- _Task requirements_: Exclude the pictures, then copy all remaining records exactly.

[Stored data entries]

-*-*-

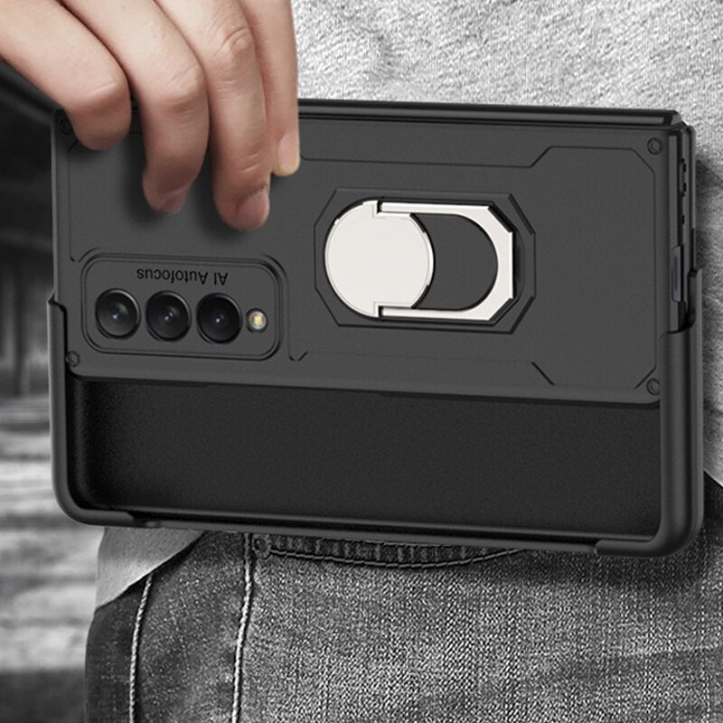 Best 2021 Samsung Galaxy z Fold 3 Cover Case hard PC Ring Holder With Carring Belt
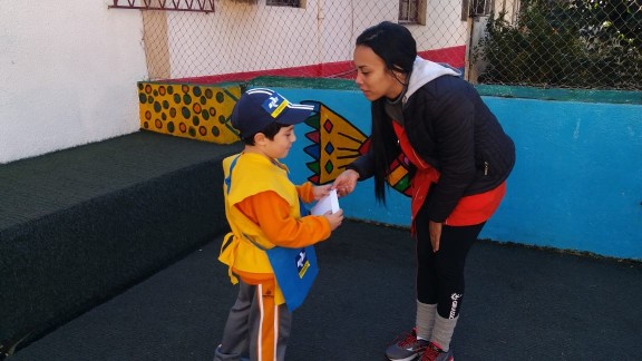 surpreendida por uma atividade muito criativa das educadoras, onde
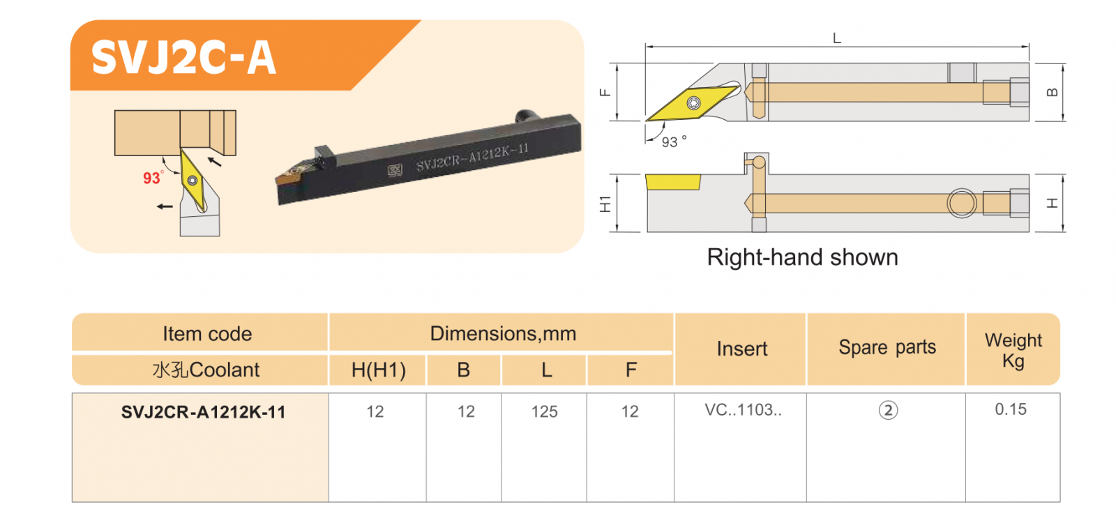 Cán dao tiện SHAN GIN SVJ2CR-A1212K-11 , SVJ2C-A SVJ2CR-A1212K-11
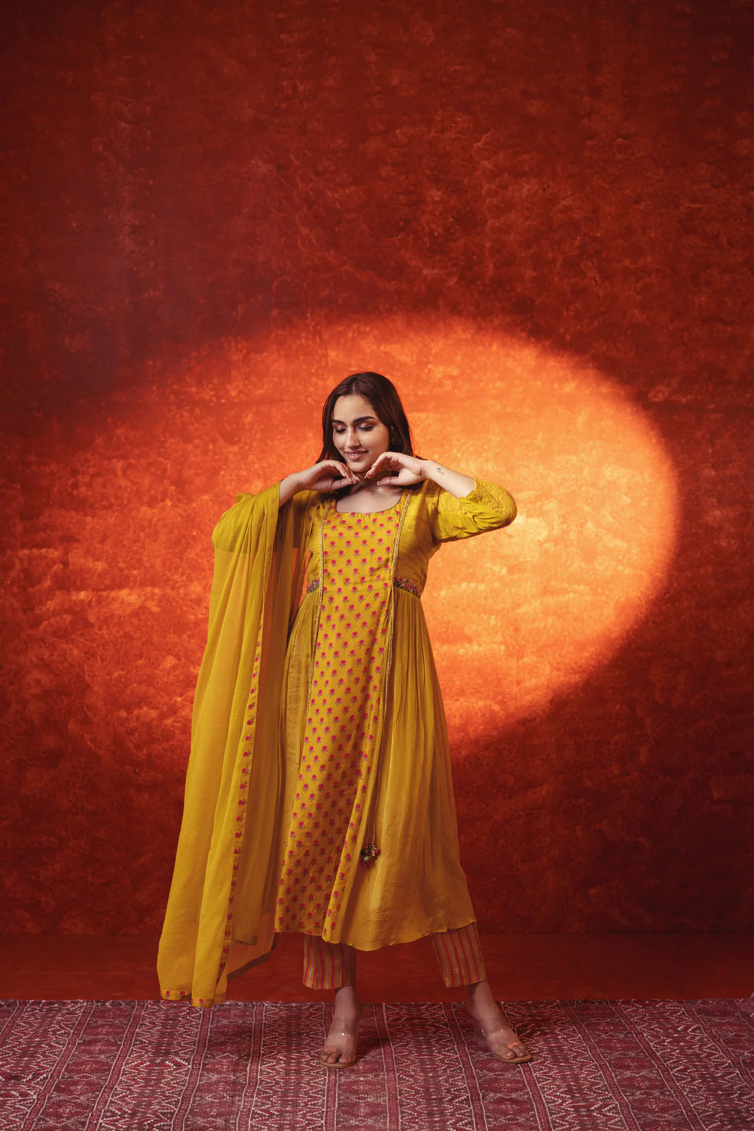 Embrace versatility with this sculpted suit that beautifully combines prints, plain fabric, and intricate embroidery. A contemporary masterpiece perfect for any occasion.
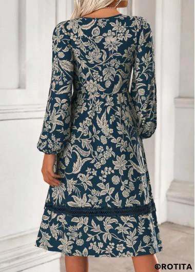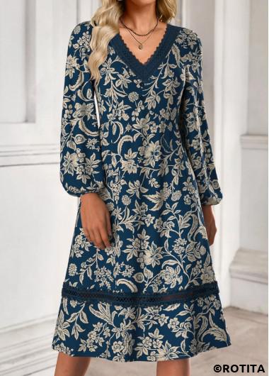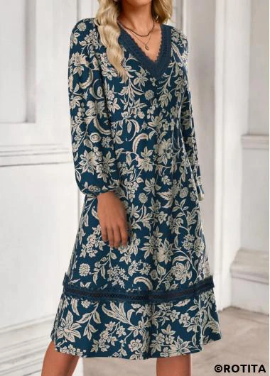 Home > Dresses/ ROTITA Tummy Coverage Tribal Print Blue V Neck Dress

-*-*-

- _Exercise response_:
 Best 2021 Samsung Galaxy z Fold 3 Cover Case hard PC Ring Holder With Carring Belt
 surpreendida por uma atividade muito criativa das educadoras, onde
 Cán dao tiện SHAN GIN SVJ2CR-A1212K-11 , SVJ2C-A SVJ2CR-A1212K-11
 Embrace versatility with this sculpted suit that beautifully combines prints, plain fabric, and intricate embroidery. A contemporary masterpiece perfect for any occasion.
 Home > Dresses/ ROTITA Tummy Coverage Tribal Print Blue V Neck Dress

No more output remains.